Solio's Story

The very word Solio is indicative of saving the black rhino as a species here in Kenya, for when black rhinos had all but disappeared from their natural native ranges, including Tsavo National Park (once the home of 8,000), it was on the 17,500 acre Solio Ranch, under tight security, that the species managed to proliferate from a handful introduced 40 years ago to some 90 individuals.

Solio's Story

It is from this Solio population that black rhinos have been reintroduced to other protected areas since the 1980’s. It was also to Solio Ranch that David Sheldrick moved Tsavo East’s orphaned rhino Reudi in the 1960’s, who was continually under attack from other rhinos, and who became the breeding bull of the ranch. Consequently Reudi probably fathered most of the living black rhinos in Kenya today. In 1976, when David was transferred from Tsavo East to head the Planning Unit in Nairobi, two remaining Tsavo black rhino orphans, Stroppie and Pushmi (known as Hoshim) were transferred to Solio Ranch where he knew they would be protected and cared for. They lived in a 50 acre paddock until Stroppie died in 2010 at the ripe old age of 40. (Two years later, in 2012, Pushmi tragically died from a spear wound, he was 38 years old and quite possibly the oldest living black rhino in Kenya).
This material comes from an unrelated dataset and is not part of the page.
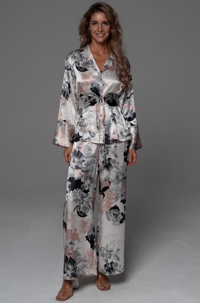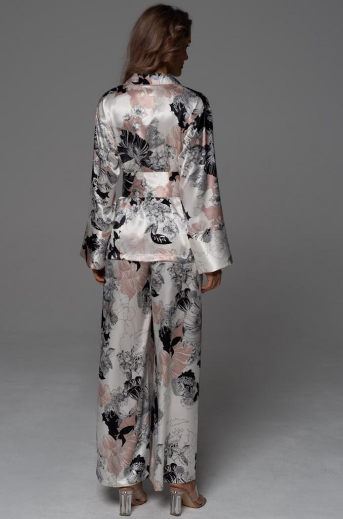 Классический комплект Mia-Amore состоит из жакета с длинным рукавом и широких брюк. Изделия выполнены из принтованного смесового шелка с отделкой в виде контрастного канта по бортам и линии притачивания манжет. Линию талии можно подчеркнуть за счет широкого пояса с завязками, который идет в комплекте.

The rescue alert came to us during the afternoon of 23rd September 2010, at a time when Solio Ranch had recently been targeted by poachers and some of its rhinos had been killed. One such casualty could be the mother of the orphan we rescued that day, her mother rendered immobile from her injuries, however the reason for her injury was not officially confirmed at the time.

Having received the call, we chartered an aircraft, with 4 Keepers aboard plus all the paraphernalia required to overpower and airlift back to the Nursery what we were told was a 5 month old calf. However, when the rescue team arrived, they found that the young rhino was thought to be older than 5 months – possibly closer to a year, and extremely feisty – far too aggressive to risk being transported in a plane. Having already been immobilized to load into a crate, the KWS Vet in attendance did not want to risk another sedation, hence the rescue plane returned empty, leaving two Keepers with the young rhino.

The Keepers had not anticipated spending a freezing night at high altitude, without blankets or food. Angela Sheldrick phoned a friend, Tanya Church, who happens to own the recently built small exclusive Lodge on the Ranch. They came to the rescue, bringing blankets, food and water to the stranded Keepers, who spent an uncomfortable night beside the crated rhino on the Solio Airfield.

Meanwhile, Lewa very kindly provided the truck that would now be needed to move the rhino, and she arrived on our doorstep at 5 am on the morning of the 24th, waking up all the elephants in the Nursery who began bellowing for their milk earlier than usual.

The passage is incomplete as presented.